==== Information supplied

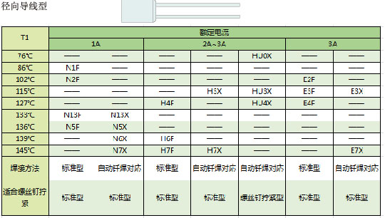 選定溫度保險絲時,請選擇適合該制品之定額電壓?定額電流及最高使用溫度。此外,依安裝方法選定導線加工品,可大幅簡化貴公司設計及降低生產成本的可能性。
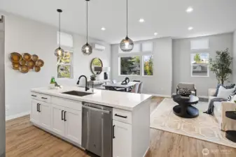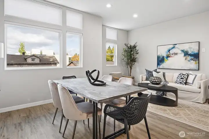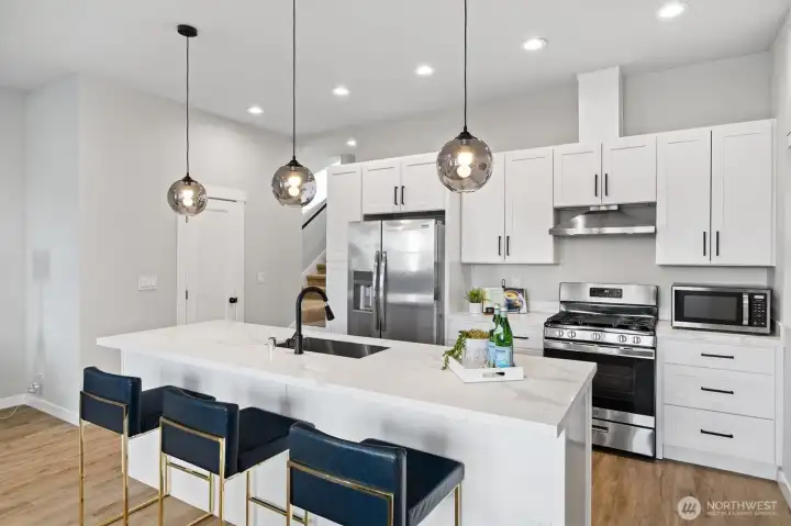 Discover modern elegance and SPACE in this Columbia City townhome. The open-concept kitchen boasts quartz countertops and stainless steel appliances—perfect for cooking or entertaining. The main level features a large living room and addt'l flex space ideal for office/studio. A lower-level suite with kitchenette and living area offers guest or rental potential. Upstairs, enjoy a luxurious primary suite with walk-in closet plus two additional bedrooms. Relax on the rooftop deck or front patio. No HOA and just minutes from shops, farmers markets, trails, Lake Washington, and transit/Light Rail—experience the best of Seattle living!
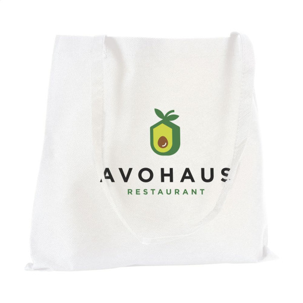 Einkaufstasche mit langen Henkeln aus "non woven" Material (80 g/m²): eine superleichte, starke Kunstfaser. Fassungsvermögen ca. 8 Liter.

========

What to produce:
Restate the listing above word for word and skip each picture.

Answer to the exercise:
 選定溫度保險絲時,請選擇適合該制品之定額電壓?定額電流及最高使用溫度。此外,依安裝方法選定導線加工品,可大幅簡化貴公司設計及降低生產成本的可能性。
 Discover modern elegance and SPACE in this Columbia City townhome. The open-concept kitchen boasts quartz countertops and stainless steel appliances—perfect for cooking or entertaining. The main level features a large living room and addt'l flex space ideal for office/studio. A lower-level suite with kitchenette and living area offers guest or rental potential. Upstairs, enjoy a luxurious primary suite with walk-in closet plus two additional bedrooms. Relax on the rooftop deck or front patio. No HOA and just minutes from shops, farmers markets, trails, Lake Washington, and transit/Light Rail—experience the best of Seattle living!
 Einkaufstasche mit langen Henkeln aus "non woven" Material (80 g/m²): eine superleichte, starke Kunstfaser. Fassungsvermögen ca. 8 Liter.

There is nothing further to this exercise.